Ambitonal Chord Properties

Let us define a chord Q as a set of positive odd integers with a GCD of 1, where each successive component in the set is greater than the former. Let us also define the fixed-inversion of the chord Q as H(Q) = LCM(Q)/Q (but rearranged such that the least-to-greatest order within the set is preserved).

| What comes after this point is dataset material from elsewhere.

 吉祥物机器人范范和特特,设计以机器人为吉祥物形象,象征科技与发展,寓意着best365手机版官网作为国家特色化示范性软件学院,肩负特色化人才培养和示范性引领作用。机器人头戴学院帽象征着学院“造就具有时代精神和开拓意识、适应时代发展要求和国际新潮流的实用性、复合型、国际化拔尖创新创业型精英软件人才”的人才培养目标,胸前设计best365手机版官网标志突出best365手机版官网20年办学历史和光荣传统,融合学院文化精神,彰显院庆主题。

This fixed-inversion has the following properties:
1a.) H(Q) = LCM(Q)/Q
1b.) H(H(Q)) = Q (it is a dual function)
2a.) LCM(Q) = LCM(H(Q))

Now let us consider an ambitonal triad T = A:B:C. By definition, the largest odd integer in set T is equal to the largest odd integer in H(T). In other words, max(T) = max(H(T)). The largest integer in the fixed-inversion can also be understood to be the fixed-inverse of the smallest integer within the original set, by property 1a. Therefore max(H(T)) = LCM(T)/min(T). By property 2a, we can then derive the following equalities: max(T) = max(H(T)), and min(T) = min(H(T)).

Using the above equalities, we can derive another property:
3a.) LCM(Q) = min(Q)*max(Q), if and only if Q is an ambitonal chord.

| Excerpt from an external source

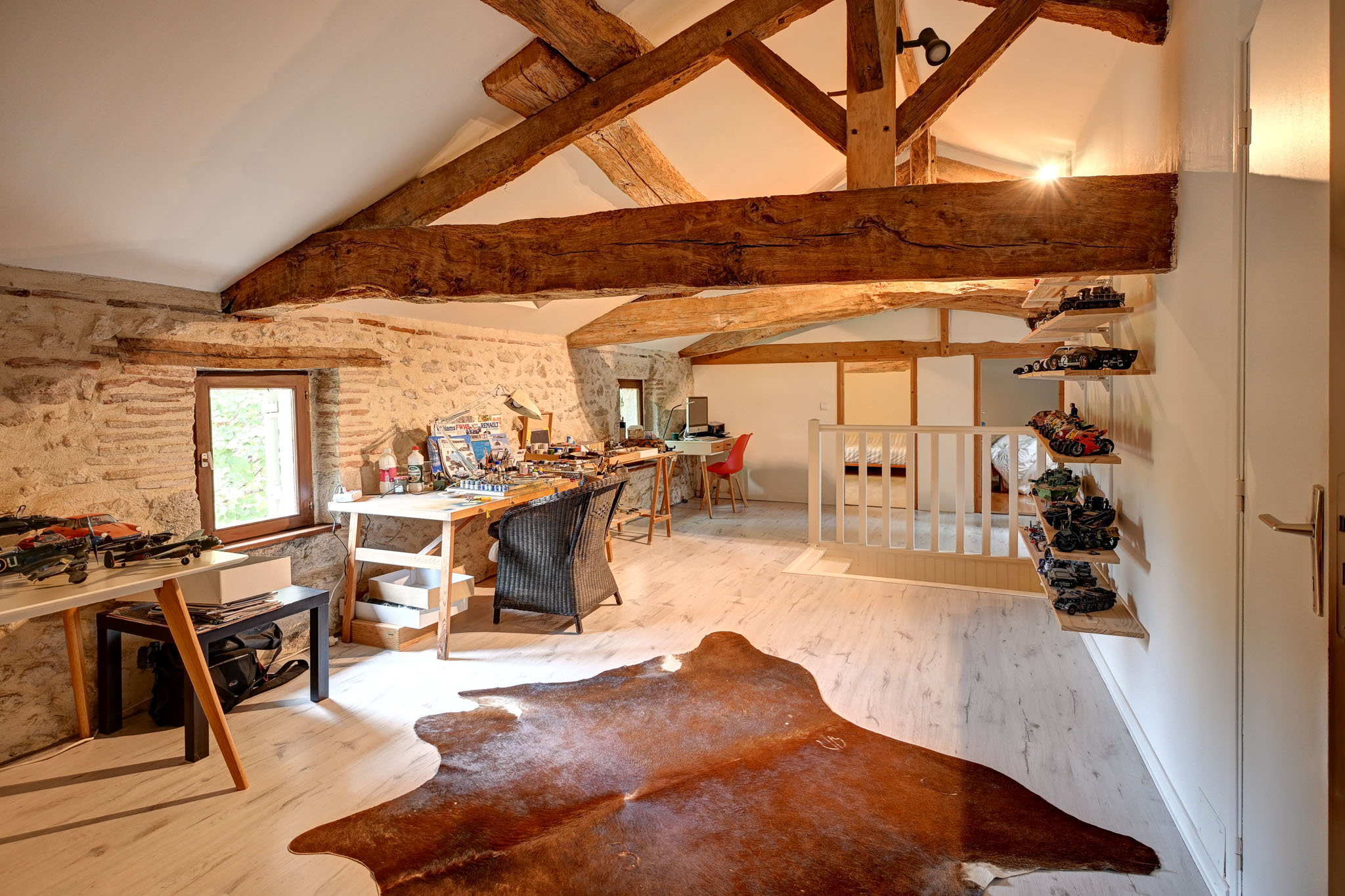 À l’étage, un grand palier pouvant faire office de second salon, de bureau ou de salle de jeux dessert trois chambres, dont une avec dressing. On y trouve également une salle de bains équipée d’une baignoire, d’une douche à l’italienne et de toilettes.

Because we know that the maximum and minimum components must remain fixed from the original set to the fixed-inversion, we can then say that the triad T = [A, B, C] has a fixed-inverse H(T) = [A, D C]. From property 2a we can then say LCM(A, B, C) = LCM(A, D, C). Therefore LCM(LCM(A,C), B) = LCM(LCM(A,C), D). Using property 3a we can reduce this to LCM(T, B) = LCM(T, D). This only holds true if B=D, or if B and D are both divisible by T.

Therefore if LCM(A*C)/B is an integer, the triad A:B:C (and all of its octave inversions/transpositions) is an ambitonal triad.

-Ryan

--- In tuning-math@yahoogroups.com, "Ryan Avella" <domeofatonement@...> wrote:
>
> Let us define a chord Q as a set of positive odd integers with a GCD of 1, where each successive component in the set is greater than the former. Let us also define the fixed-inversion of the chord Q as H(Q) = LCM(Q)/Q (but rearranged such that the least-to-greatest order within the set is preserved).

To be terribly picky, sets don't have an order. But thanks for putting this together.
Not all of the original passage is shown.